Very-long-term outcomes of mechanical valves in mitral position focusing on valve-related complications.

OBJECTIVES: This study aimed to examine very-long-term outcomes of a mechanical valve at the mitral position.
METHODS: This study included all patients who underwent mitral valve replacement (MVR) using a mechanical valve including urgent operation at the Department of Cardiovascular Surgery, Hyogo Brain and Heart Center, Himeji, from January 1987 to December 2015.
RESULTS: Five hundred and eighty-three patients (277 men [47.51%]; age, 61 [54-67] years) were included in this study. The implanted valve models were as follows: SJM, 221 (37.91%); ATS, 35 (6.00%); On-X, 68 (11.66%); and Carbomedics 194, (33.28%).The median clinical follow-up duration was 13.3 (7.4-19.6) years. The survival rates at 10, 15, 20 and 25 years were 81.42%, 69.27%, 56.34% and 45.03%, respectively. Thromboembolism was observed in 38 patients, and the linearized ratio for each event was 0.626%/patient-year [95% confidence interval (CI), 0.443-0.859%]. Intracranial haemorrhage and gastrointestinal bleeding were observed in 26 and 9 patients, and the linearized ratio for each event was 0.425%/patient-year (95% CI, 0.277-0.006%) and 0.145%/patient-year (95% CI, 0.067-0.276%), respectively. Major paravalvular leak was observed in 32 patients, and the linearized ratio was 0.532%/patient-year (95% CI, 0.364%-0.751%). The cumulative incidence rate of major paravalvular leak at 10, 15, 20 and 25 years was 3.7%, 5.6%, 6.4% and 10.4%, respectively. Multivariable Cox regression analysis revealed that repeated MVR and male gender were associated with major paravalvular leak.
CONCLUSIONS: Male gender and repeated MVR were risk factors for paravalvular leak after mechanical MVR. Paravalvular leak could have occurred regardless of postoperative period even at 25 years after implantation. Lifelong clinical follow-up is considered necessary.

INTRODUCTION

Although bioprosthetic mitral valve replacement (MVR) has been widely performed instead of mechanical MVR, structural valve deterioration could not be avoided. Especially for porcine valve, not only late valve failure but also early valve failure has been reported [1]. The mechanical valve, which guarantees long-term durability, remains a significant treatment option especially for young patients.

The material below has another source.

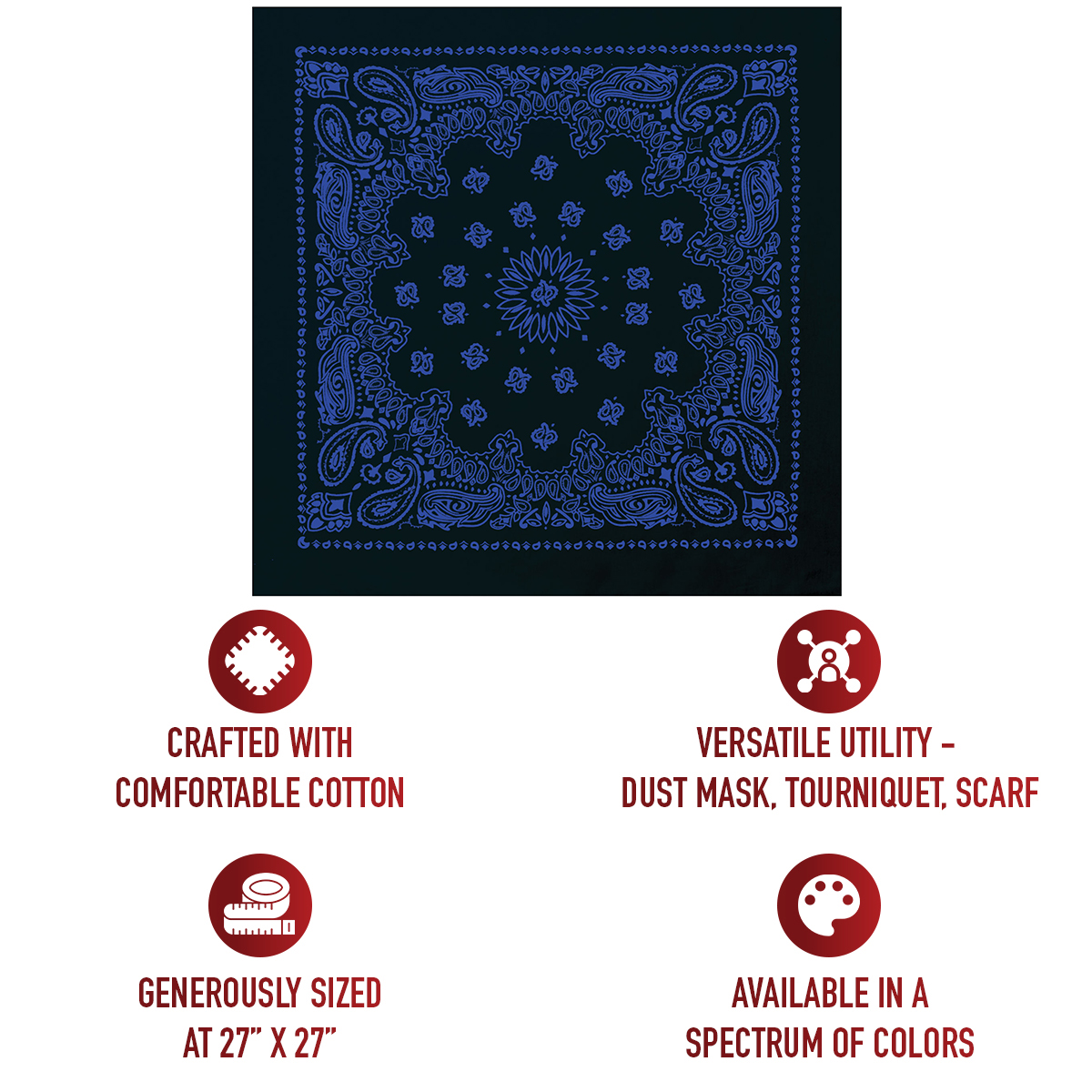 The Trainmen Paisley Bandana is a durable and versatile survival essential designed for protection, utility, and everyday preparedness. Made from 100% breathable cotton, it provides reliable coverage against dust, sun, and debris while maintaining comfort during extended wear. Measuring 27 in x 27 in, it offers expanded coverage and can be worn as a face covering, headwrap, or neck gaiter, and also functions as an improvised tourniquet, sling, pouch, or signal cloth in emergency situations. Lightweight and compact, this bandana is an essential addition to bug-out bags, emergency kits, or everyday carry gear where adaptability is critical.

For middle-aged patients, the use of valve prosthesis is an important consideration [2].

Previous reports about a mechanical valve at the mitral position had a relatively short follow-up considering patient’s young age [3-5]. More than 20 years of life expectancy after MVR should be considered as an average lifetime would extend.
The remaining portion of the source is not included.